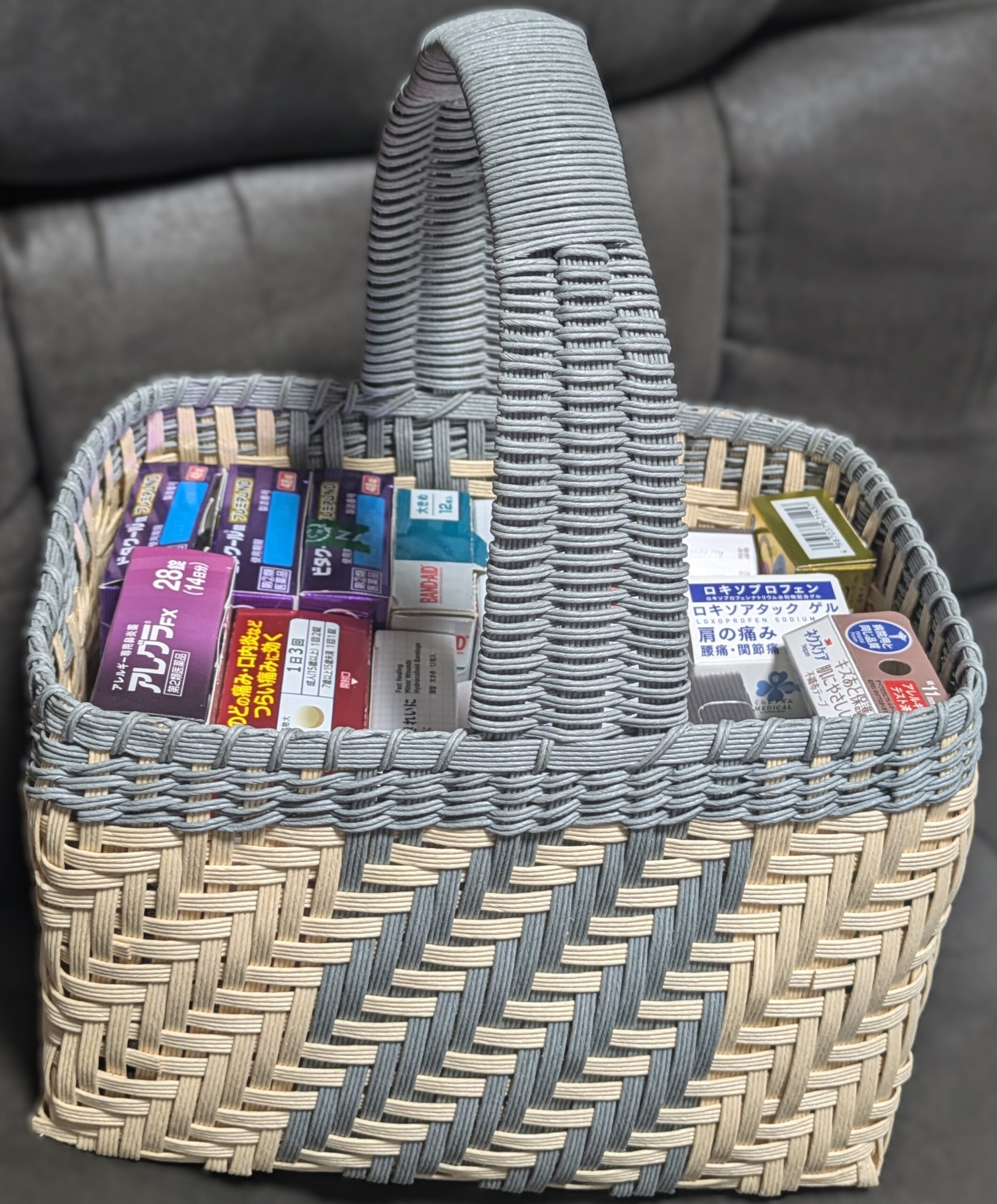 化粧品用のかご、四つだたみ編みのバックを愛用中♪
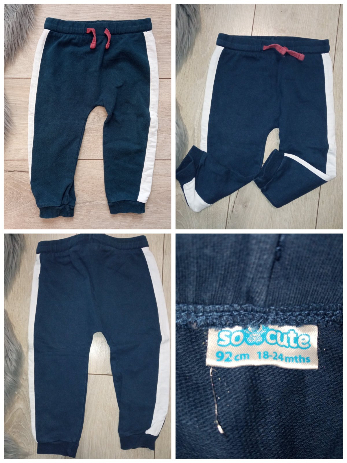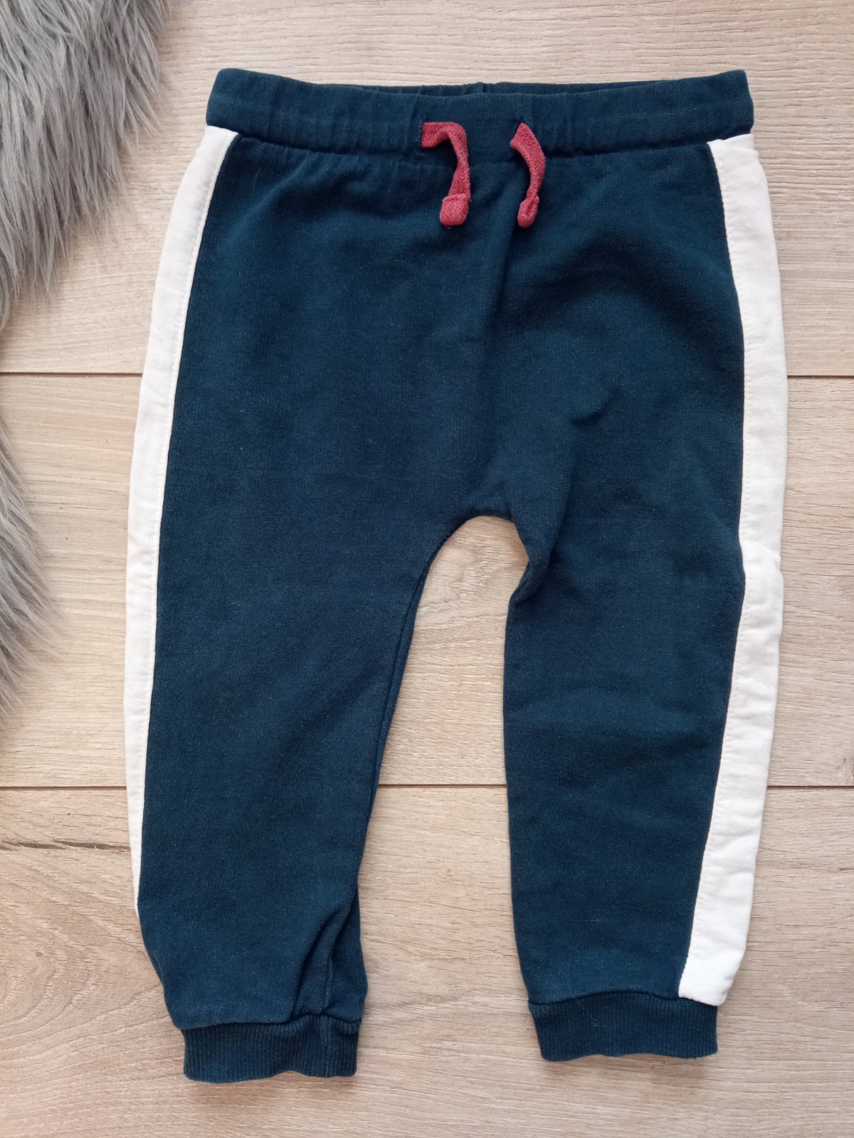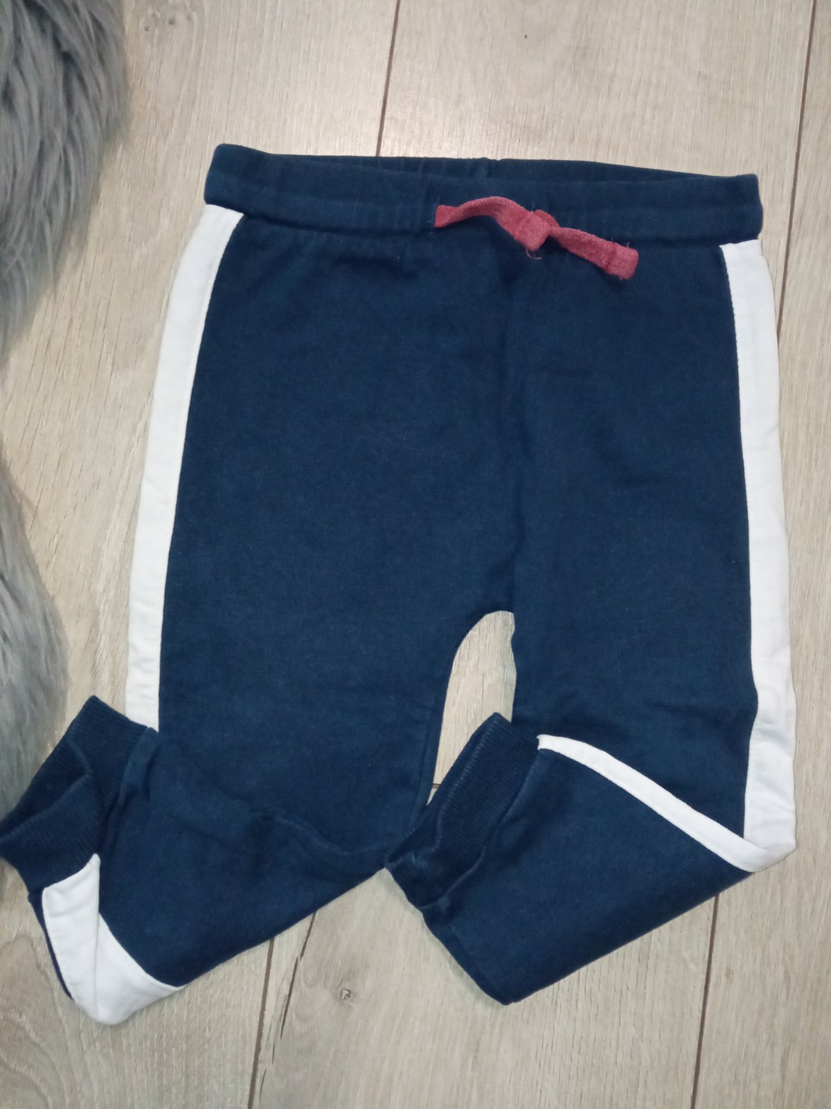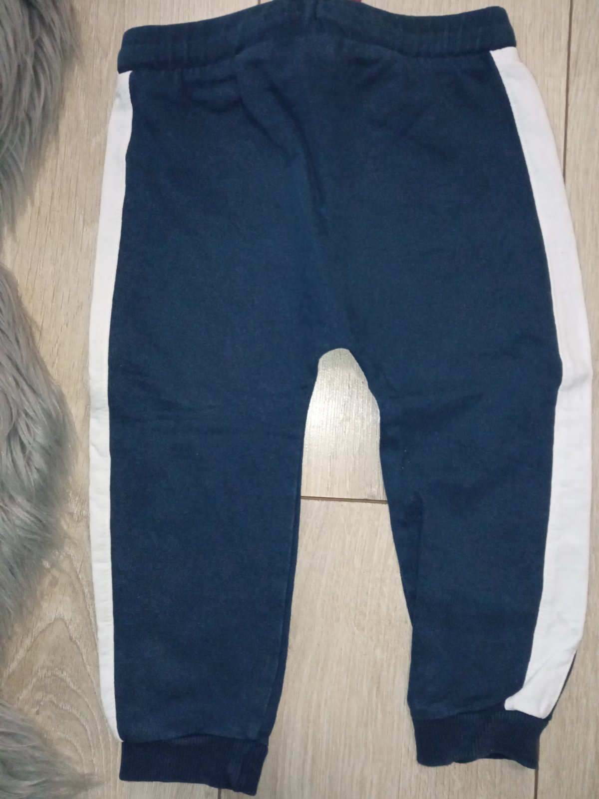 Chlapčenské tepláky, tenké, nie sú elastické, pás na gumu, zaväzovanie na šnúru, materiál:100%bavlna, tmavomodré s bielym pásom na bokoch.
◆ ◆ ◆ ◆
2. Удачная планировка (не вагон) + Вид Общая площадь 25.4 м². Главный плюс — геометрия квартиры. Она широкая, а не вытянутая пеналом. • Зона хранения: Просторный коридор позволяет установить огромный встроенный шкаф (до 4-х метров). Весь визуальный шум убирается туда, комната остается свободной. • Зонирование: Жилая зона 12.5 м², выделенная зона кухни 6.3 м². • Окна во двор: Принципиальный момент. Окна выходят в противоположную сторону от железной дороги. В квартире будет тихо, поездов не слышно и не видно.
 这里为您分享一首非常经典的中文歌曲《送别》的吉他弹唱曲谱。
◆ ◆ ◆ ◆
▶ _TASK DIRECTIONS_:
Reproduce exactly, with no pictures, the lines above from the one holding "化粧品用のかご、四つだたみ編みのバックを愛用中♪" to the one holding "Chlapčenské tepláky, tenké, nie", inclusive.

▶ _ANSWER_:
 化粧品用のかご、四つだたみ編みのバックを愛用中♪
 Chlapčenské tepláky, tenké, nie sú elastické, pás na gumu, zaväzovanie na šnúru, materiál:100%bavlna, tmavomodré s bielym pásom na bokoch.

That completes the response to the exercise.